GeoEye building satellite, awaits decision on major contract award
Six years after emerging from bankruptcy, Dulles-based satellite imaging company GeoEye is busy building its next satellite and readying for a major contract decision from the National Geospatial-Intelligence Agency.
The firm already uses the high-resolution GeoEye-1 satellite to take detailed images of the earth, capturing key spots like Haiti in the aftermath of the January earthquake and the recent volcanic eruption in Iceland that disrupted air travel.
GeoEye is expecting to launch a new satellite in late 2012. The 4,600-pound satellite, dubbed GeoEye-2, will be able to take even more detailed images of the earth, showing objects half the size of a baseball diamond's home plate, said Mark E. Brender, GeoEye's vice president for corporate communications.
Lockheed Martin is building GeoEye-2 in Sunnyvale, Calif., and it is slated to be operational in early 2013.
The company is also competing a new contract award, called EnhancedView. The program is the follow-on to the NextView program, under which GeoEye now provides images of the earth to the National Geospatial-Intelligence Agency.
Calling it "NextView on steroids," Brender said the new program will push industry to build satellites that can collect more data at a faster rate. If GeoEye wins the contract, it would provide a certain level of satellite imaging capacity to the government for a set monthly fee.
Faced with a new requirement in the EnhancedView contract to provide a letter of credit, GeoEye also has entered into a commitment with Cerberus to ensure a fully financed proposal, said Matthew O'Connell, GeoEye's president and chief executive.

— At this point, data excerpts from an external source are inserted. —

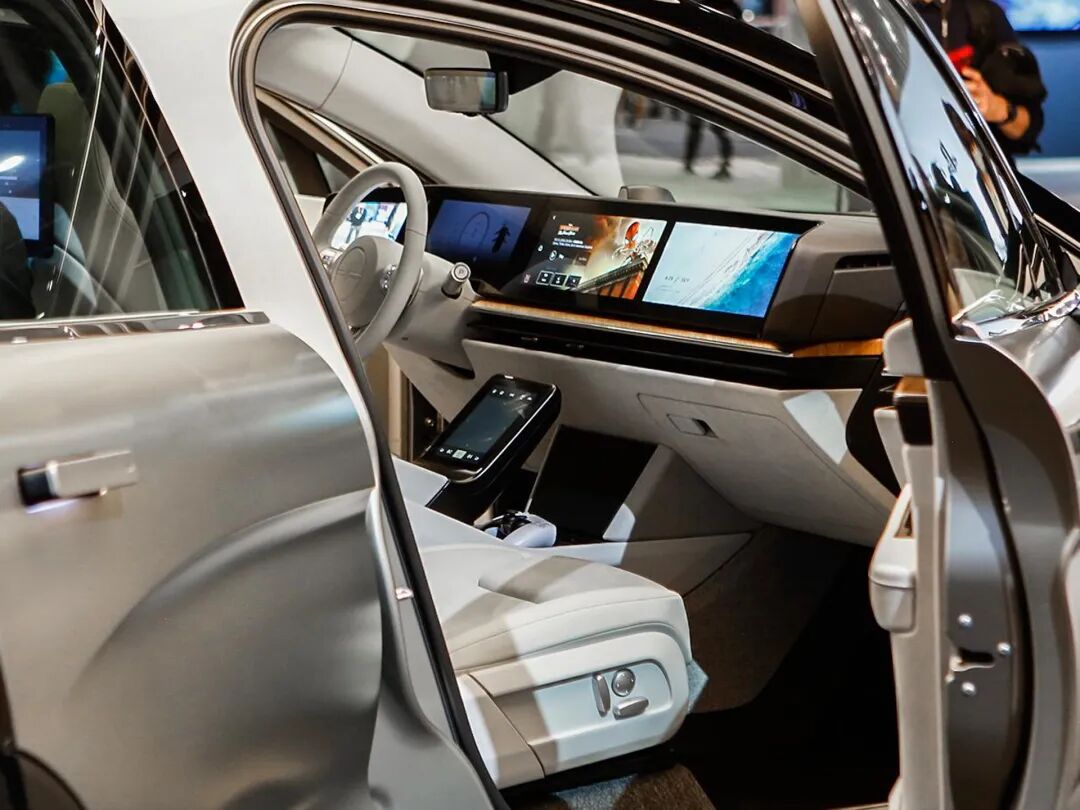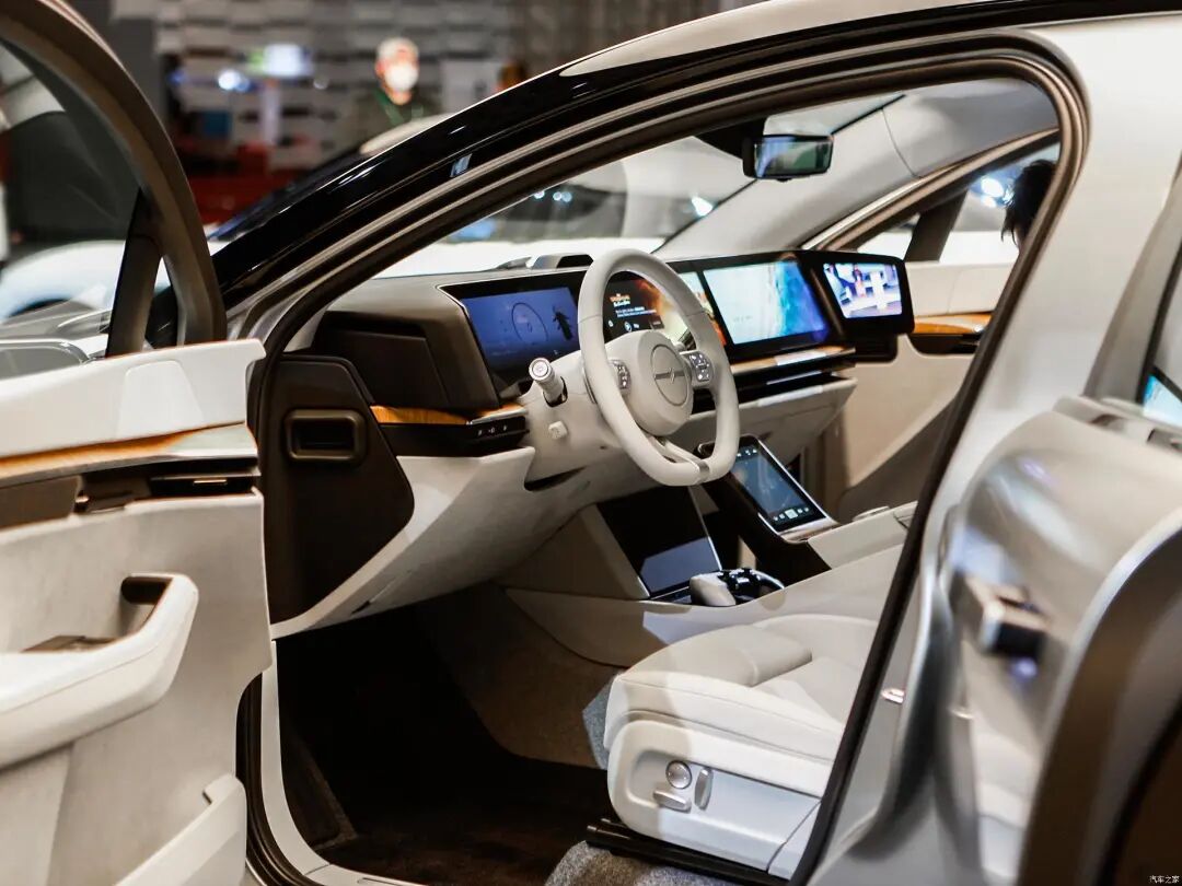来到车内,这套设计很难让人相信这是一台概念车,因为诸多元素在现阶段的量产车型上都可寻见。在屏幕数量方面概念车有着绝对优势,前排拥有3块大屏、3块替代后视镜的屏幕和中控台下方的车辆控制屏,共7块屏幕。此外,后排还有两块供乘客使用的大屏,车内屏幕数量共计9块。
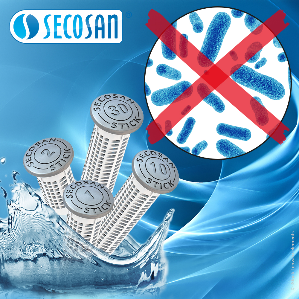 Canicula mărește pericolul formării de germeni în rezervoarele de apă ale răcitoarelor: Un singur stick SecoSan® păstrează apa proaspătă timp de 6 luni
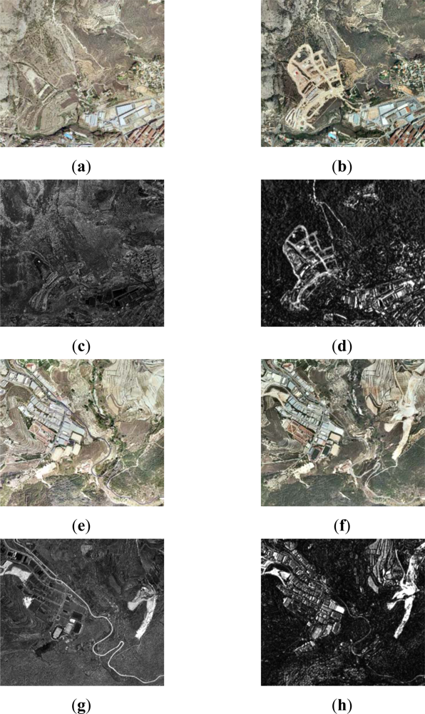 For level 3, the corresponding processes have been applied to the same areas. Although, these data are also multispectral images, the near infrared band is not available, so it has been impossible to derive the CD NDVI difference index. Subsequently, the CVA method appears to be most suitable for this purpose. Moreover, as it has been anticipated in Section 2.2.1, an additional CVA index has been computed using textural features based on the homogeneity operator. Figure 5 shows the results of the CVA method applied to the original dataset of level 3, as well as to their corresponding textural features. At this stage, the differences between the derived CD indices are properly distinguished. Although, in both cases the same method is applied, the most notable differences are observed when the textural measures are introduced Figure 5(d,h). Finally, and for convenience, all indices based on the difference index, have all been transformed into positive values by applying the absolute value function.

Cerberus has been taking a significant interest in the government contracting world, purchasing DynCorp International, a Falls Church-based contractor, last month.
GeoEye's top competitor for EnhancedView is Longmont, Colo.-based DigitalGlobe, but O'Connell said he expects both companies to win contracts.
NGA spokeswoman Susan Meisner said the bids for the EnhancedView contract are now under review and an award is expected this summer.
GeoEye has been expanding rapidly -- from 106 employees in 2004 to nearly 540 today -- and Brender said the firm plans to add 50 to 60 more by the end of the year.
Additionally, the company plans to soon relocate to an as-yet-unannounced location near its existing office to accommodate its burgeoning size.
Yet, it wasn't so long ago that the company was struggling. According to GeoEye, its predecessor company Orbimage suffered a major setback in 2001 when its satellite, known as OrbView-4, was destroyed in a failed launch.
At the time, O'Connell worked at a New York City investment firm and was sent to restructure the firm. Under his supervision, Orbimage filed for bankruptcy in 2002.
The company emerged from bankruptcy in 2004 and won a role as the second vendor on NGA's NextView program.
The win was instrumental in getting the company back on track. GeoEye -- still known as Orbimage -- then bought out competitor Space Imaging and rebranded itself as GeoEye in early 2006.
Last year, GeoEye reported profit of $32.1 million ($1.55 per share), up from $26.6 million ($1.36 per share) in 2008.